Copy out every line of the data exactly; do not include the images.
BEGIN Material shown
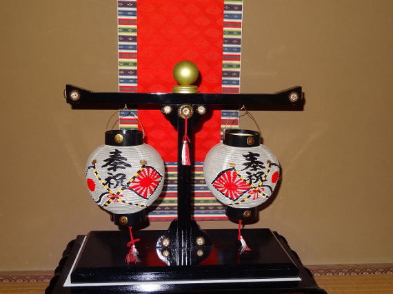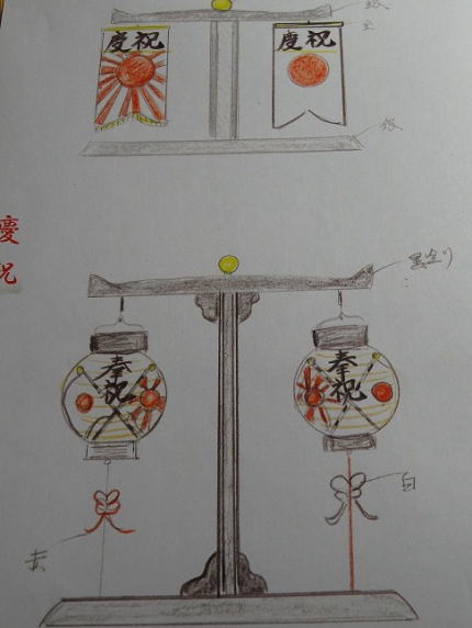 御誕生と数々の慶祝時に用いました。国旗の入った提灯を作製する時、身近に職人さんが少なくなっていて
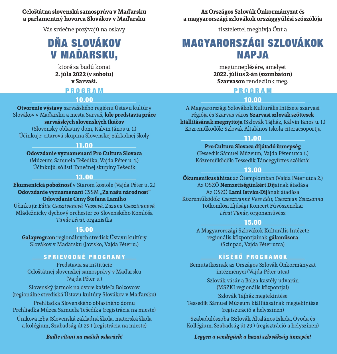 Magyarországi Szlovákok Napjaszo02júl10:00szo16:0010:00 - 16:00 Evangélikus Ótemplom és környékeCompleted
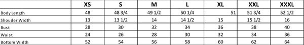 XL: 34.0 (Bust), 30.0 (Waist), null (Hips), 50.5 (Length)
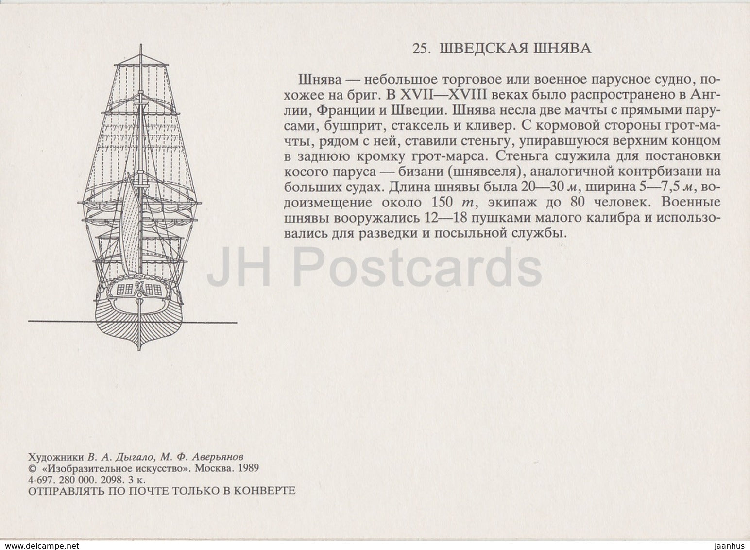 Swedish Snow - sailing ship - illustration - 1989 - Russia USSR - unused
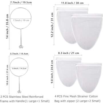 WMKGG Ultra Fine Mesh Strainer Bags, Reusable Mesh Filter Bags with Stainless Steel Handle Frame for Filter NutMilk, Coffee, Milk, Butter, Juices and Fresh Cheese (Large + Small)
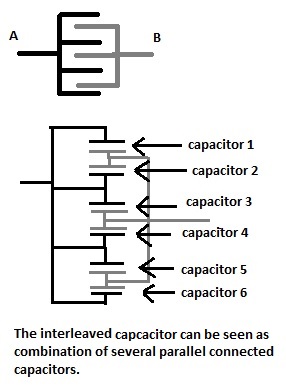 여기서 는 단일 전극판의 정전용량이고, 은 겹쳐진 전극판의 수이다.
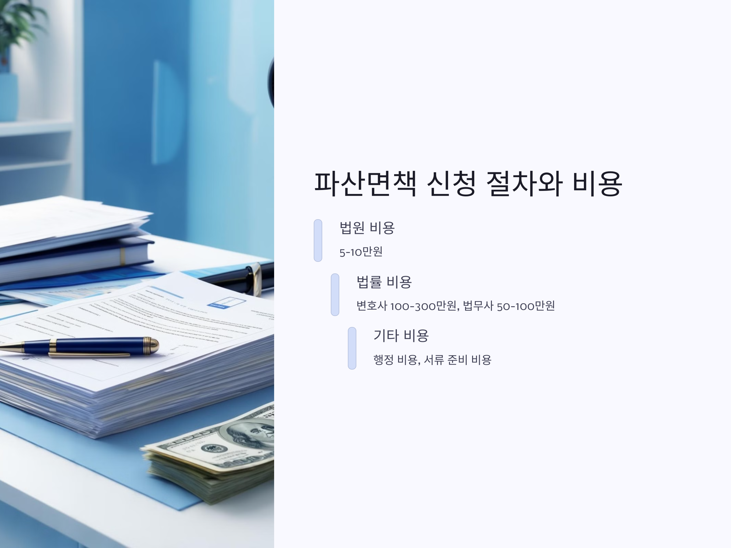 파산면책을 통해 채무를 탕감받고 새로운 시작을 할 수 있다는 점에서 많은 사람들이 이 제도를 활용하려 합니다. 하지만 이 과정에서 발생하는 비용에 대해 제대로 파악하지 않으면 불필요한 낭비나 절차적인 실수가 발생할 수 있습니다. 이번 포스팅에서는 파산면책 신청에 필요한 비용을 자세히 알아보고, 절차를 원활하게 진행하기 위한 팁까지 제공합니다.
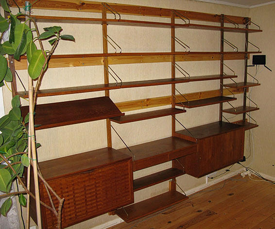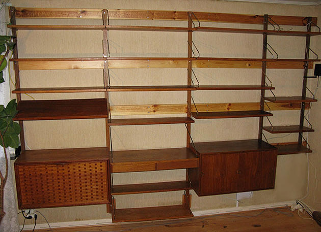 - 3 + 4 hylder, forstærkning foran, fra "Royal system", længde ca 79,5-80 cm, dybde ca 20-24 cm.
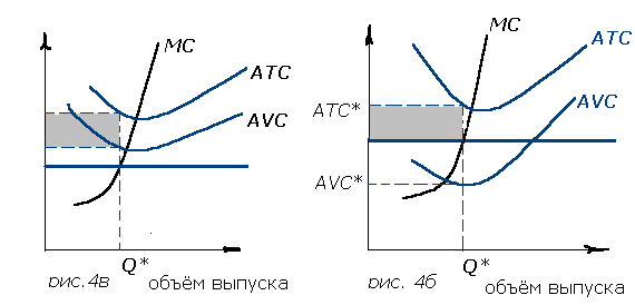 На рисунке 4б фирма теряет меньше, если производит, чем если она прекратит производство, поскольку АVC* ниже существующей цены. На рисунке 4в, где АVC* выше цены, фирма минимизирует свои потери при прекращении производства.
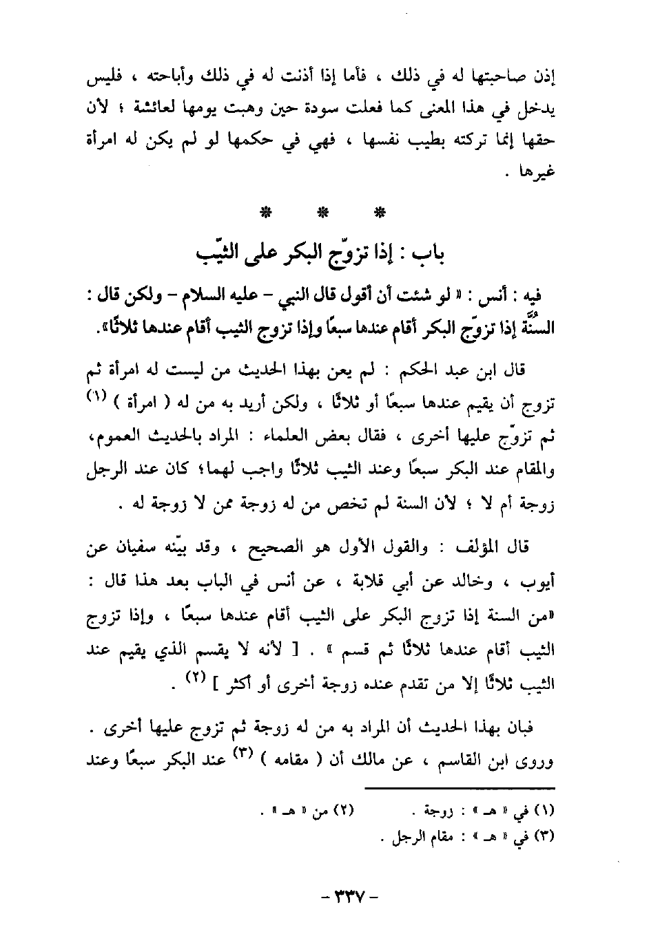 / 100 - فيه: أَنَس، لَوْ شِئْتُ أَنْ أَقُولَ: قَالَ النَّبِىُّ، عَلَيْهِ السَّلام، وَلَكِنْ قَالَ السُّنَّةُ: إِذَا تَزَوَّجَ الْبِكْرَ، أَقَامَ عِنْدَهَا سَبْعًا، وَإِذَا تَزَوَّجَ الثَّيِّبَ، أَقَامَ عِنْدَهَا ثَلاثًا. قال ابن عبد الحكم: لم يعن بهذا الحديث من ليست له امرأة، ثم تزوج أن يقيم عندها سبعًا أو ثلاثًا، ولكن أريد به من له امرأة، ثم تزوج عليها أخرى، فقال بعض العلماء: المراد بالحديث العموم، والمقام عند البكر سبعًا وعند الثيب ثلاثًا واجب لهما، كان عند الرجل زوجة أم لا؛ لأن السنة لم تخص من له زوجة ممن لا زوجة له. قال المؤلف: والقول الأول هو الصحيح، وقد بينه سفيان، عن أيوب، وخالد، عن أبى قلابة، عن أنس فى الباب بعد هذا، قال: من السنة إذا تزوج البكر على الثيب أقام عندها سبعًا، وإذا تزوج الثيب أقام عندها ثلاثًا ثم قسم؛ لأنه لا يقسم الذى يقيم عند الثيب ثلاثًا إلا من تقدم عنده زوجة أخرى أو أكثر. فبان بهذا الحديث أن المراد به من له زوجة ثم تزوج عليها أخرى. وروى ابن القاسم، عن مالك، أن مقامه عند البكر سبعًا، وعند
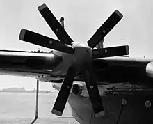 Accessories included a Master Control Unit, mounted above the compressors, and an air driven starter on the gearbox. The compound reduction gear had an overall reduction ratio of 15.75:1 and incorporated an airscrew brake to prevent windmilling when the engine was stopped. Anti-icing for the air intakes was supplied by compressor bleed air. The contra-rotating propeller consisted of two 14 ft (4.3 m) three-bladed Aeroproducts propellers fitted to concentric shafts.[1]
END Material shown
◆ Task output
 御誕生と数々の慶祝時に用いました。国旗の入った提灯を作製する時、身近に職人さんが少なくなっていて
 Magyarországi Szlovákok Napjaszo02júl10:00szo16:0010:00 - 16:00 Evangélikus Ótemplom és környékeCompleted
 XL: 34.0 (Bust), 30.0 (Waist), null (Hips), 50.5 (Length)
 Swedish Snow - sailing ship - illustration - 1989 - Russia USSR - unused
 WMKGG Ultra Fine Mesh Strainer Bags, Reusable Mesh Filter Bags with Stainless Steel Handle Frame for Filter NutMilk, Coffee, Milk, Butter, Juices and Fresh Cheese (Large + Small)
 여기서 는 단일 전극판의 정전용량이고, 은 겹쳐진 전극판의 수이다.
 파산면책을 통해 채무를 탕감받고 새로운 시작을 할 수 있다는 점에서 많은 사람들이 이 제도를 활용하려 합니다. 하지만 이 과정에서 발생하는 비용에 대해 제대로 파악하지 않으면 불필요한 낭비나 절차적인 실수가 발생할 수 있습니다. 이번 포스팅에서는 파산면책 신청에 필요한 비용을 자세히 알아보고, 절차를 원활하게 진행하기 위한 팁까지 제공합니다.
 - 3 + 4 hylder, forstærkning foran, fra "Royal system", længde ca 79,5-80 cm, dybde ca 20-24 cm.
 На рисунке 4б фирма теряет меньше, если производит, чем если она прекратит производство, поскольку АVC* ниже существующей цены. На рисунке 4в, где АVC* выше цены, фирма минимизирует свои потери при прекращении производства.
 / 100 - فيه: أَنَس، لَوْ شِئْتُ أَنْ أَقُولَ: قَالَ النَّبِىُّ، عَلَيْهِ السَّلام، وَلَكِنْ قَالَ السُّنَّةُ: إِذَا تَزَوَّجَ الْبِكْرَ، أَقَامَ عِنْدَهَا سَبْعًا، وَإِذَا تَزَوَّجَ الثَّيِّبَ، أَقَامَ عِنْدَهَا ثَلاثًا. قال ابن عبد الحكم: لم يعن بهذا الحديث من ليست له امرأة، ثم تزوج أن يقيم عندها سبعًا أو ثلاثًا، ولكن أريد به من له امرأة، ثم تزوج عليها أخرى، فقال بعض العلماء: المراد بالحديث العموم، والمقام عند البكر سبعًا وعند الثيب ثلاثًا واجب لهما، كان عند الرجل زوجة أم لا؛ لأن السنة لم تخص من له زوجة ممن لا زوجة له. قال المؤلف: والقول الأول هو الصحيح، وقد بينه سفيان، عن أيوب، وخالد، عن أبى قلابة، عن أنس فى الباب بعد هذا، قال: من السنة إذا تزوج البكر على الثيب أقام عندها سبعًا، وإذا تزوج الثيب أقام عندها ثلاثًا ثم قسم؛ لأنه لا يقسم الذى يقيم عند الثيب ثلاثًا إلا من تقدم عنده زوجة أخرى أو أكثر. فبان بهذا الحديث أن المراد به من له زوجة ثم تزوج عليها أخرى. وروى ابن القاسم، عن مالك، أن مقامه عند البكر سبعًا، وعند
 Accessories included a Master Control Unit, mounted above the compressors, and an air driven starter on the gearbox. The compound reduction gear had an overall reduction ratio of 15.75:1 and incorporated an airscrew brake to prevent windmilling when the engine was stopped. Anti-icing for the air intakes was supplied by compressor bleed air. The contra-rotating propeller consisted of two 14 ft (4.3 m) three-bladed Aeroproducts propellers fitted to concentric shafts.[1]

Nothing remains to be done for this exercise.